After coming up with a hypothesis on heat resistance, I needed to find if and how it changes. In this post, I will describe the details and methods as well as present the results. If you've not read the first part, I encourage you to read that first.
Is it possible that coffee lipids affect resistance?
There are many factors influencing bed resistance. The most obvious is a grind size - the burr aperture defining average particle size. Finer grind setting increases resistance.
The temperature of the beans affects the Particle Size Distribution (PSD). For a given burr aperture you get different results with different bean temperatures. Cold beans when ground result in smaller fines, but there's more of them (Uman, 2016). The fluctuations in PSD are very likely to occur in the cafe throughout the day.
Freshly roasted coffee contains more Carbon Dioxide. During the extraction, the CO2 is released from the coffee acting as a counterforce to pressure. This results in increased resistance, forcing the barista to use a courser grind size to offset the effect. Well-degassed coffee allows you to grind finer and thus increase your extraction.
Interestingly, a similar effect occurs when the brewing water already contains Carbon Dioxide (Wellinger, 2017). It will depend on your filtration system. I've dedicated an entire article on the subject - read it here.
It's important to understand the equipment and its settings as well. Flow restrictors, pre-infusion chambers and filter basket design will affect the resistance.
Pump pressure could influence it too. Very high pressures will compress the coffee cake to the point it's almost impenetrable to water. Thus lower pressures allow finer grind settings.
There are more factors in bed resistance, such as the loss of volatile compounds (mentioned in the previous post) or environmental factors. However, there's little or no research on that.
This article is limited to the heat (temperature) of ground coffee and its impact on bed resistance. My research has been motivated by finding the thermal role of lipids in ground coffee texture. I've also formed a hypothesis linking it directly to resistance:
As the temperature of the grinds increases and the lipids transform into a liquid state the resistance increases due to that transition.
Equipment and Coffee
The espresso machine used for the testing was La Marzocco GS3. It was set to 9 bar of pressure and 93°C brewing water temperature. It was equipped with a standard 17g La Marzocco basket.
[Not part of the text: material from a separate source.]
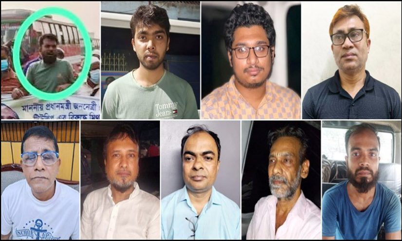 গ্রেফতারকৃতরা হলেন- নিষিদ্ধ ঘোষিত সংগঠন ছাত্রলীগের বংশাল থানা ৩৩নং ওয়ার্ডের সাধারণ সম্পাদক মো. বাপ্পি (৩০), আওয়ামী লীগের দক্ষিণ বাড্ডা বাজার ইউনিটের সহ-সভাপতি মো. মহিবুর রহমান (৫০), কুমিল্লার মনোহরগঞ্জ থানার আওয়ামী লীগের যুগ্ম সাধারণ সম্পাদক আবুল কালাম আজাদ (৪৭), বংশাল থানা ৩২নং ওয়ার্ড আওয়ামী লীগের সহ-সভাপতি বাবু আহাম্মেদ (৫৫), ২২নং ওয়ার্ড আওয়ামী লীগের সাবেক সভাপতি আব্দুল খালেক (৫৫), কলাবাগান থানা বঙ্গবন্ধু পরিষদের সাধারণ সম্পাদক মো. কবির হোসেন (৪৮), ছাত্রলীগের ঢাকা বিশ্ববিদ্যালয় জগন্নাথ হল শাখার নাট্য ও বিতর্ক বিষয়ক সম্পাদক দীপম সাহা (২৬), ছাত্রলীগের ডেমরা শাখার সাবেক সাধারণ সম্পাদক কাজী ইসমাইল হোসেন (৪২) ও ছাত্রলীগ কর্মী মো. মুহতাসিন ফুয়াদ ওরফে পিয়াল।
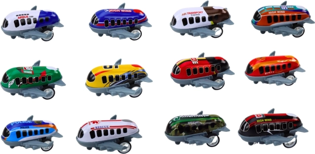 Užite si hodiny kreativity a zábavy s touto sadou 12 hračiek v tvare lietadiel. Každý model má pohon a kolieska pre hru na rolovanie. Farebné lietadlá s popismi ako „High Wind“ a „Air Transport“ inšpirujú detskú fantáziu.

The water was filtered using an ion-exchange cartridge resulting in 160ppm (using conductivity meter).
The grinder was Victoria Arduino Mythos 1. For some part of the testing, the fans were covered to induce overheating. The hopper was filled with at least 700g and no more than 1000g of coffee during the testing for consistent pressure in the feeding chute.
For the most part, the grinder was switched on with heating element plugged in at least 20 min before using (to allow it to preheat). However, part of the data was obtained using a cold grinder with the element unplugged.
Prior to data collection, the grinder was dialled in using 16.5g dose to 35g yield and 35s of contact time for each dataset. The grind setting and grinding time were not adjusted during the tests.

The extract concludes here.